> **AIM OF THE TASK**
From the data that follows, set down exactly the lines from the one with "重要文化財埴製枕(はにせいま" through the one with "- 2-Tier tray", counting both. Pictures stay out.

> **DATASET RECORDS**
--- START ---

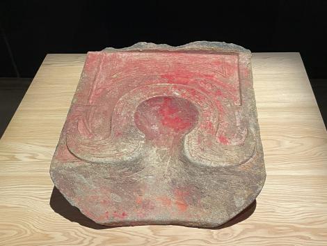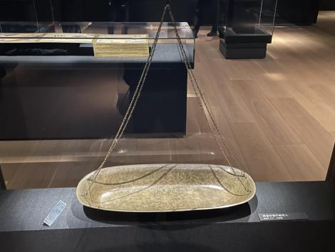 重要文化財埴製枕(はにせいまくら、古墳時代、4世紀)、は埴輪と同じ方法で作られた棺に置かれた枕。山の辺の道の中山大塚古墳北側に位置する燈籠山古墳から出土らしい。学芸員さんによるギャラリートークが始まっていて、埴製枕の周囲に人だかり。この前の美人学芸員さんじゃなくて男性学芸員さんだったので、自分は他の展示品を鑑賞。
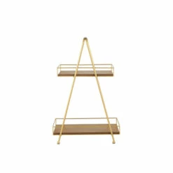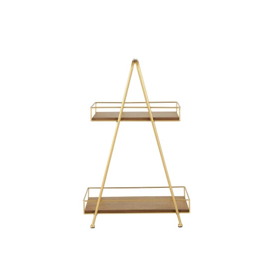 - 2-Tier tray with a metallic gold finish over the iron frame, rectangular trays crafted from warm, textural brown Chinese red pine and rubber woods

--- END ---
--- START ---

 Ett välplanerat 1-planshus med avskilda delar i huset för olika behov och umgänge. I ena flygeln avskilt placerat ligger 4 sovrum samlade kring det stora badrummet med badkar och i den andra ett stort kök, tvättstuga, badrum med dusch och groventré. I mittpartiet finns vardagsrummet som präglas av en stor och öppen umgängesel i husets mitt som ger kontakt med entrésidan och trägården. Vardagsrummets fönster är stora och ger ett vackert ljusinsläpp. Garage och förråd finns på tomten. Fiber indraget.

--- END ---

> **OUTPUT FOR THIS TASK**
 重要文化財埴製枕(はにせいまくら、古墳時代、4世紀)、は埴輪と同じ方法で作られた棺に置かれた枕。山の辺の道の中山大塚古墳北側に位置する燈籠山古墳から出土らしい。学芸員さんによるギャラリートークが始まっていて、埴製枕の周囲に人だかり。この前の美人学芸員さんじゃなくて男性学芸員さんだったので、自分は他の展示品を鑑賞。
 - 2-Tier tray with a metallic gold finish over the iron frame, rectangular trays crafted from warm, textural brown Chinese red pine and rubber woods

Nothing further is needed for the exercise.